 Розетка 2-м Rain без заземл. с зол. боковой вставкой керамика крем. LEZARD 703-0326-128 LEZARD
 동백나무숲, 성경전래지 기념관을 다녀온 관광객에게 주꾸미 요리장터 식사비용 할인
* * *
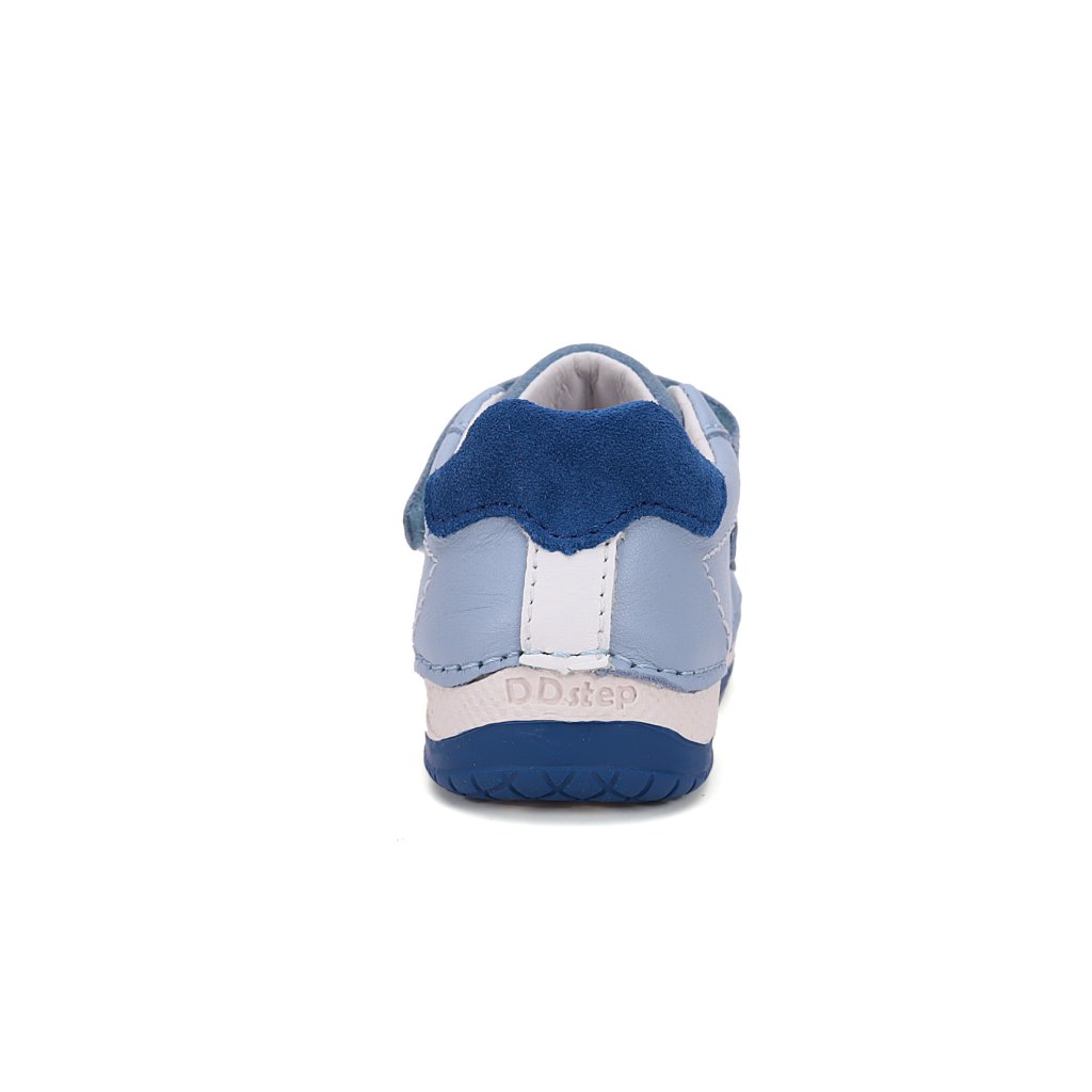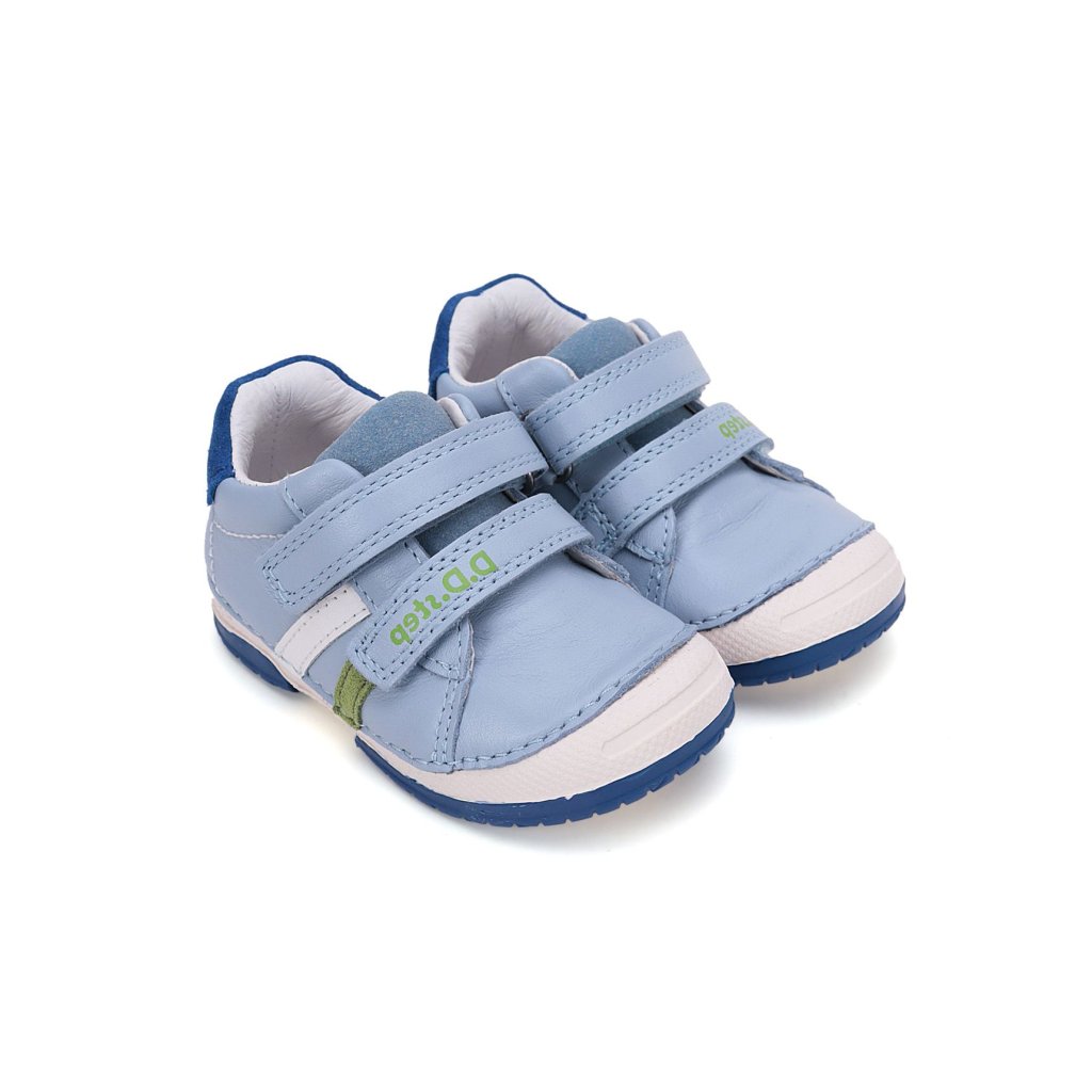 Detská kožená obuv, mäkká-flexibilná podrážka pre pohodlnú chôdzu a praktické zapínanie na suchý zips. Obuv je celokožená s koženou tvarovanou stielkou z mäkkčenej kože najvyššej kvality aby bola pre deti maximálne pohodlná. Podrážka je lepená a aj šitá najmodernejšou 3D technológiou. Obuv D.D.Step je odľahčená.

What to do
From the entries above, return exactly the line containing "Розетка 2-м Rain", the line containing "동백나무숲, 성경전래지 기념관을 다녀온 관광객에게 주꾸미 요리장터 식사비용 할인", and all lines between, and nothing else.

Result of the task
 Розетка 2-м Rain без заземл. с зол. боковой вставкой керамика крем. LEZARD 703-0326-128 LEZARD
 동백나무숲, 성경전래지 기념관을 다녀온 관광객에게 주꾸미 요리장터 식사비용 할인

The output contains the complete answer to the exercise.